13 C’est dans ce contexte que le monde universitaire anglo-saxon réagit en premier quant au sujet des révolutions russes. C’est Leopold Haimson qui se distingue en tant que père fondateur d’un nouveau courant de pensée. Dans son article « The Problem of Social Stability in Urban Russia, 1905–1917 » (Slavic Review, 1964, no 23 et 1965, no 24), il révise les prémisses de la révolution et arrive à la conclusion que les événements d’Octobre ne se réduisent pas à un coup d’État. La révolution est un phénomène social, non un enchaînement des hasards : la révolution de 1917 fut inévitable, tout comme ses issues imprévisibles. Il lance ainsi un défi à la conception libérale dominante et optimiste au sujet d’un réformisme possible, mais non réalisé. Il innove dans l’étude de la société comme autonome du pouvoir politique et des contraintes économiques et c’est tout un courant historiographique dit « révisionniste » qui le suit.

14 Les révisionnistes de la « première génération » s’attaquent à la théorie totalitaire appliquée à l’histoire soviétique. Les historiens qui traitent directement de la révolution ou des révolutionnaires (M. Fainsod, E. Carr, I. Deutscher, S. Cohen, A. Robinowitch) sont de ce fait plutôt novateurs en histoire politique.

15 C’est la deuxième génération de spécialistes guidée par S. Fitzpatrick qui, dans les années 1980, produit le plus sur l’histoire sociale de la révolution. Elle porte son attention sur les processus de radicalisation des masses et approfondit, par cette approche, l’analyse de la classe ouvrière, de la paysannerie et des prémisses de la révolution d’Octobre (S. Smith, A. N. Wildman, O. Figes)2.
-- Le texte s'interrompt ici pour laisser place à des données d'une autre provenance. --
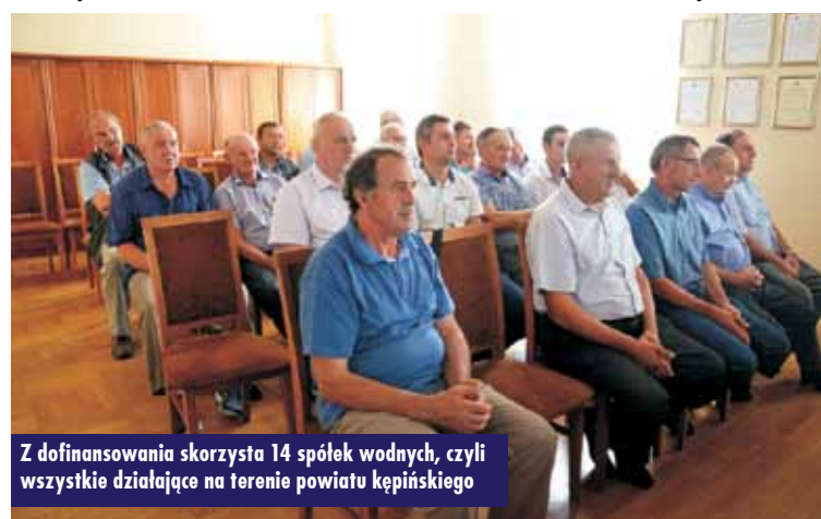
Z dofinansowania skorzysta 14 spółek wodnych, czyli wszystkie działające na terenie powiatu kępińskiego

ści spółek wodnych z terenu powiatu kępińskiego z ich władzami. Dofinansowanie z budżetu Województwa przeznaczone zostanie na realizację robót, w tym bieżące utrzymanie wód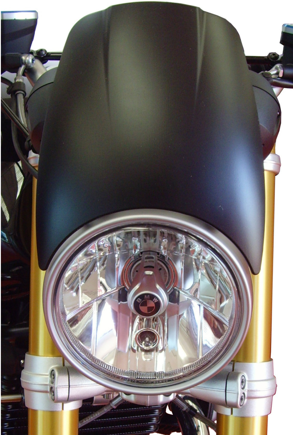
Windschild, Typ ZBW042, Ausführung 1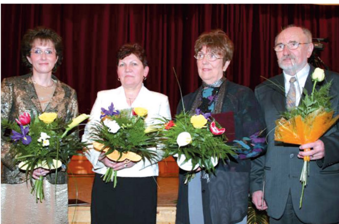
Az ünnepségen a Kossuth Lajos Általános Iskola volt igazgatóit is köszöntötték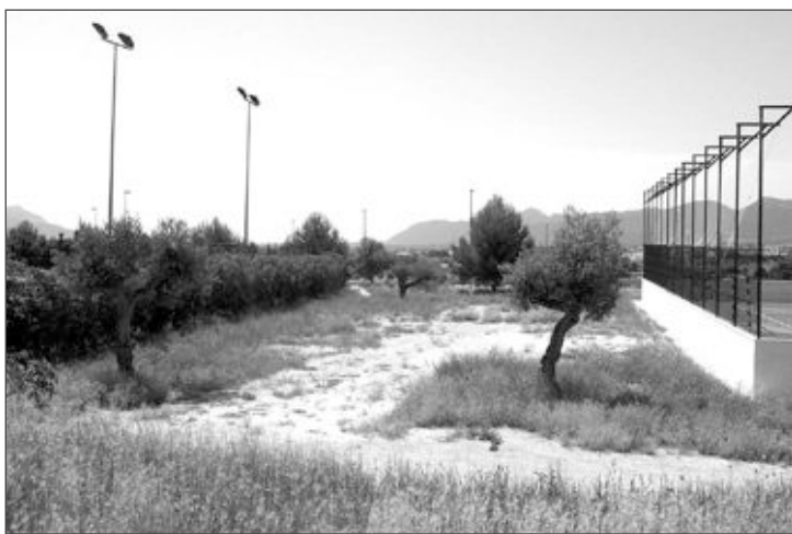
En este solar de la zona deportiva se construirá una pista de tenis

Las obras de la nueva pista de tenis, más dos de pádel, en la zona deportiva, comenzarán a partir del lunes 6 de septiembre, una vez hayan finalizado las Fiestas de Moros y Cristianos de Castalla, puesto que la empresa constructora, Dopema, es de esta localidad, informan fuentes municipales.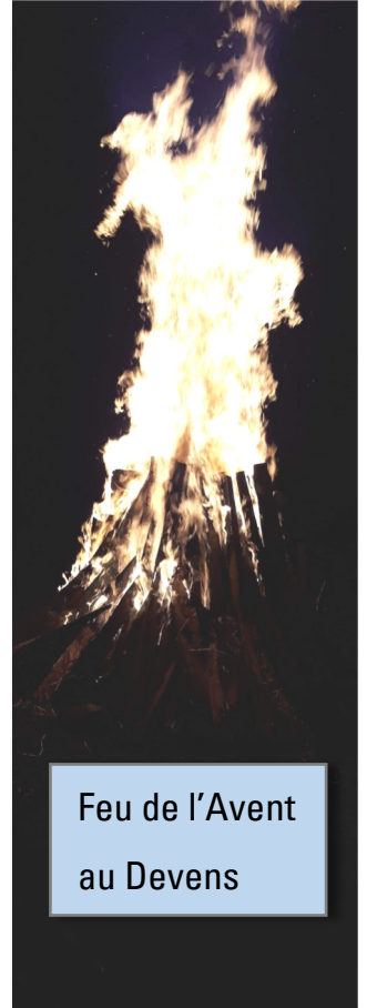
Feu de l'Avent au Devens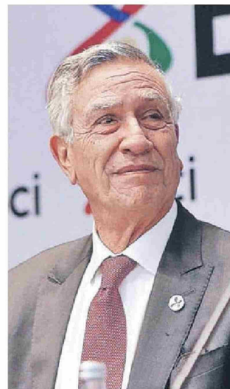
El patriarca cumple 73 años, pero está lejos del retiro, dicen quienes lo conocen.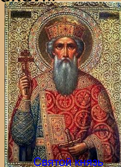
Святой князь Владимир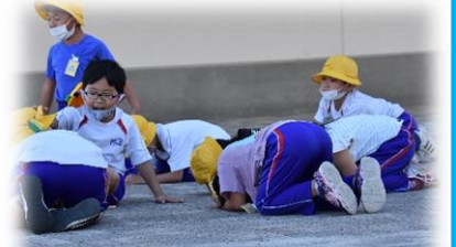
ダンゴムシのポーズをとる1年生

2つめは、【大津波警報が発令。より高い場所を目指し、大槌高校校庭へ2次避難する。】この大槌高校への避難は、PTA役員さんからの「想定外のことが起こったのが東日本大震災です。さらに高い場所へ避難する訓練をしてほしい。」というご意見を受け実施しました。

16 En France où la conception libérale et totalitaire a beaucoup moins de prise sur le monde universitaire qu’en Amérique, c’est La révolution de 1917 de Marc Ferro parue en 1967-1976 qui propose une histoire révisée. Selon lui, l’insurrection d’Octobre ne se réduit pas au coup d’État bolchévique, car elle s’inscrit dans un mouvement révolutionnaire et populaire très large ; elle n’est « ni fruit d’une nécessité historique, ni accident dû à la guerre et la défaite ». Il fait découvrir la spontanéité des masses et leur radicalisation, de février à octobre 1917, auparavant supposées sous le contrôle du parti bolchévique. En présentant les aspirations de la classe ouvrière, de la paysannerie, des soldats et des allogènes, Marc Ferro réoriente le regard, délaissant les grands personnages du parti bolchévique pour se tourner vers le comportement des hommes ordinaires. De plus, en utilisant les matériaux audiovisuels, il inaugure une toute nouvelle direction de recherche : le cinéma comme source de l’histoire.

17 Vers la fin des années 1980, les travaux des révisionnistes gagnent en prestige auprès des universités de plusieurs pays. Des historiens soviétiques eux-mêmes expriment leur intérêt pour certains de ces travaux qui renouvellent leur questionnement (Ioffe, Buldakov). On peut ainsi penser qu’avant la décomposition du camp socialiste et la désagrégation de l’URSS, la bipolarité conceptuelle des révolutions russes était prête à voler en éclat, à l’image du monde bipolaire. La fin de la guerre idéologique crée une atmosphère favorable à des recherches sans contraintes.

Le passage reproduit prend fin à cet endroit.